Saturday, June 23, 2012

Arkansas Supreme Court Strikes Down Death Penalty

The Arkansas Supreme Court struck down the state’s death penalty law on Friday, faulting a provision that permitted the Corrections Department to select the fatal drugs used in an execution, reported the New York Times.

The court ruled 5 to 2 that the Legislature must set the quantity and type of drugs in a lethal injection. The 2009 law left those decisions to the director of the Corrections Department.
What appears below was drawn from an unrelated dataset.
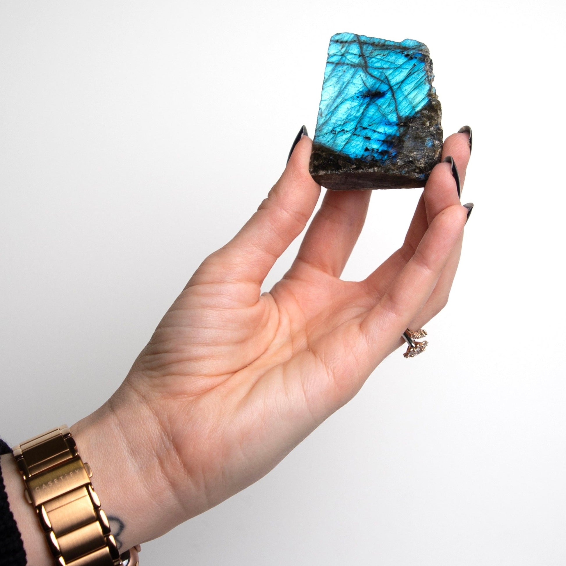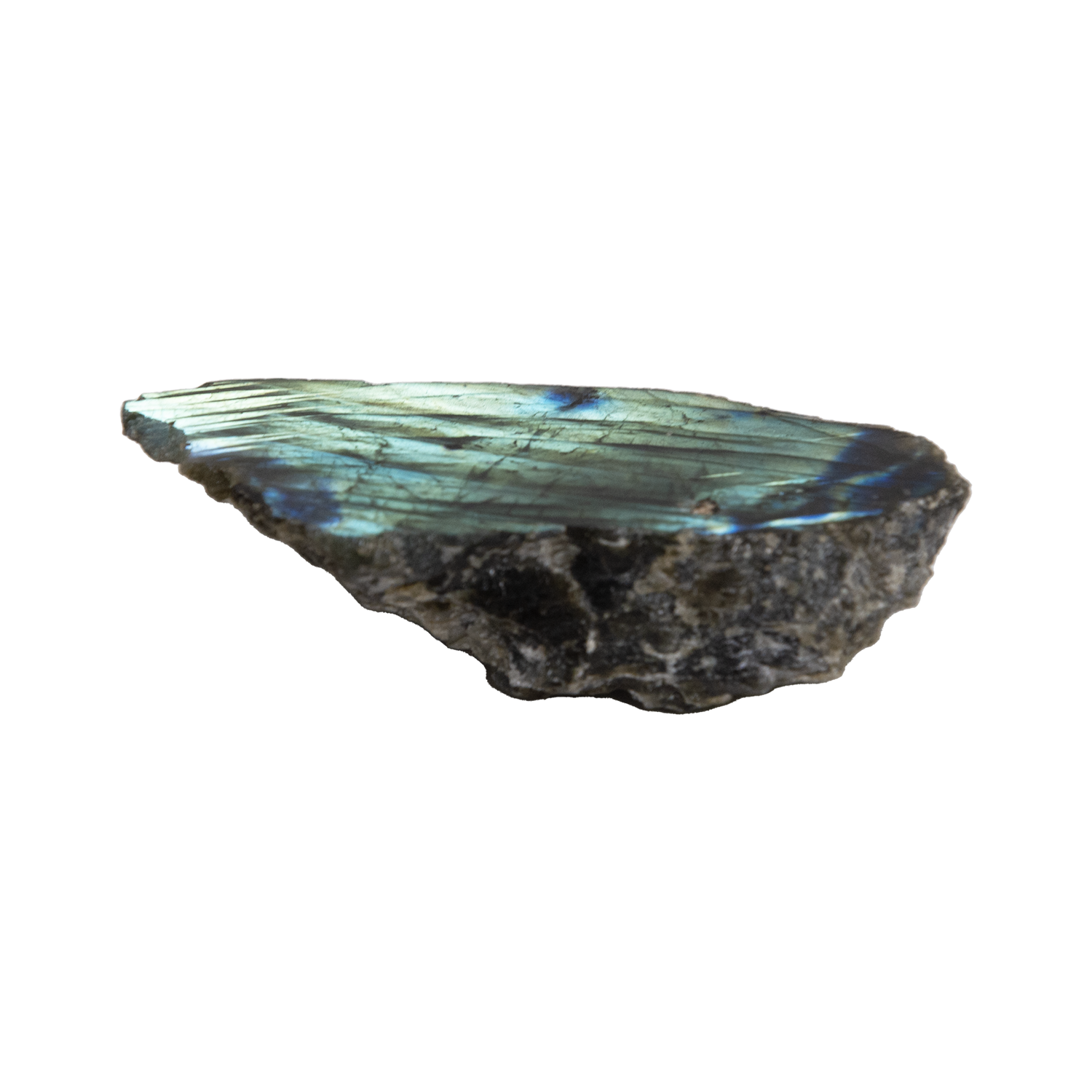Bring a Labradorite Half-Polished Chunk into your home for decorative and energetic purposes. As a stone of limitless potential, Labradorite illuminates the possibilities that surround you. The visual appearance of a Labradorite crystal reflects its energy. With flashes of neon light hidden by bluish gray hues, Labradorite surprises the viewer with its unexpected shine.

The court sided with 10 death row inmates who challenged the law’s constitutionality.

Aaron Sadler, a spokesman for Attorney General Dustin McDaniel of Arkansas, said the state was forming a plan to address the court decision.

Arkansas Justice Jim Gunter wrote that the case came down to a matter of separation of powers. “The Legislature has abdicated its responsibility and passed to the executive branch,” he wrote in the majority opinion, arguing that the law left “unfettered discretion” to corrections officials, reported the Times.

Two justices argued in a dissent that federal bans on “cruel and unusual punishment” are sufficient to ensure a humane execution procedure. “Arkansas is left no method of carrying out the death penalty in cases where it has been lawfully imposed,” Justice Karen Baker wrote, reported the Times.

This decision comes in the wake of a shortage of sodium thiopental one of three drugs used in lethal injection in most states.  The three drug cocktail includes an anesthetic to numb the pain, a muscle relaxant to prevent movement and a drug that stops the heart.

A few states, including Ohio, have moved to a single drug protocol and have carried out a number of executions using the single drug.